## The input:
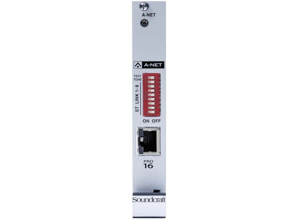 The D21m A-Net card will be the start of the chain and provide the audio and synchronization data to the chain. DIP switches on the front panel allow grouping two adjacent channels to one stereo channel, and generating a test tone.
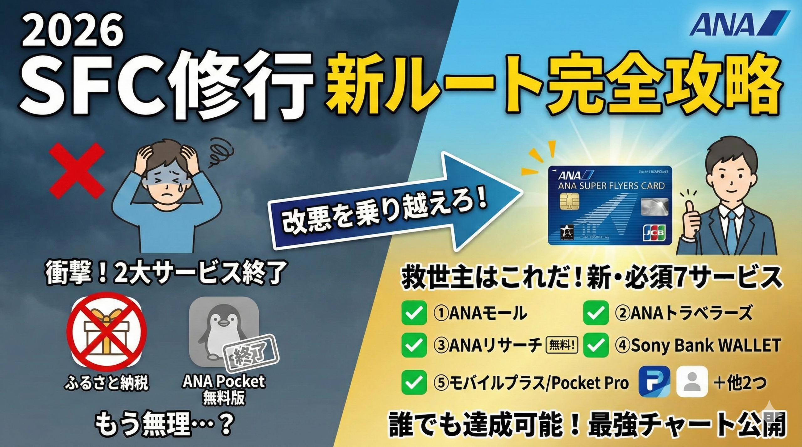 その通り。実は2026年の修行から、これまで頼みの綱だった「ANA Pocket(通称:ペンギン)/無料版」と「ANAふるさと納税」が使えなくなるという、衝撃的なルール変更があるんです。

==

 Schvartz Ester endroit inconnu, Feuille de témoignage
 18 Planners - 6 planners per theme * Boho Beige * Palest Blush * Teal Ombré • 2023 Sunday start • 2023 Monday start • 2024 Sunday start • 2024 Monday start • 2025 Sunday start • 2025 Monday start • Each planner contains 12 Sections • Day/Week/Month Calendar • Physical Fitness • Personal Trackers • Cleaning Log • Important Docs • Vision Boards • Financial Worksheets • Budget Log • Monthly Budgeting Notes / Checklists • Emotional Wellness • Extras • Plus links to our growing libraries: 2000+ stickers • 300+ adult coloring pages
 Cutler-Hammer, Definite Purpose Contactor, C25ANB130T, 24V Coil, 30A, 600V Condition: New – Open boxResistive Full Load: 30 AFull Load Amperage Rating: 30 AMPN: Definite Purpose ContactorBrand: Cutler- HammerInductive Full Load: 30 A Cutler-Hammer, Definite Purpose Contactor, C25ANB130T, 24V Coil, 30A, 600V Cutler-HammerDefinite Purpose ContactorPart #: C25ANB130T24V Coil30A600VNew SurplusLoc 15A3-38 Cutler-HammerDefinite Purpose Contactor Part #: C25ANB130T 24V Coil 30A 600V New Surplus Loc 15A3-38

* * *

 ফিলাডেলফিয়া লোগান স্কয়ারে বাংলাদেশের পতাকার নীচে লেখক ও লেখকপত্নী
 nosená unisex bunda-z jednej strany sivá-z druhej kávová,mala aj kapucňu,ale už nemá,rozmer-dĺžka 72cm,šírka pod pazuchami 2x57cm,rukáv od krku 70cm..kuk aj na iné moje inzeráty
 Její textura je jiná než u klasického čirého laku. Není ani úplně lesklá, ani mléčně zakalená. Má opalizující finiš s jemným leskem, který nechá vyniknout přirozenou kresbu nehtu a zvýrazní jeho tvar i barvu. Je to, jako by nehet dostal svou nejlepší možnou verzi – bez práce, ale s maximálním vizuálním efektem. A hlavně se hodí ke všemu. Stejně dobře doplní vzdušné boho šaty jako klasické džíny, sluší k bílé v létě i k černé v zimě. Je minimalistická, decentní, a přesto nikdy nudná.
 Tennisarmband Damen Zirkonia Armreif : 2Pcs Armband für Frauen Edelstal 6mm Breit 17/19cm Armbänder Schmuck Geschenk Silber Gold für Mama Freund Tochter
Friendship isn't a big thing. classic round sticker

## Exercise aim:
Please output the lines above beginning at the line with "The D21m A-Net" and ending after the line with "その通り。実は2026年の修", precisely as written and with no pictures.

## Answer space:
 The D21m A-Net card will be the start of the chain and provide the audio and synchronization data to the chain. DIP switches on the front panel allow grouping two adjacent channels to one stereo channel, and generating a test tone.
 その通り。実は2026年の修行から、これまで頼みの綱だった「ANA Pocket(通称:ペンギン)/無料版」と「ANAふるさと納税」が使えなくなるという、衝撃的なルール変更があるんです。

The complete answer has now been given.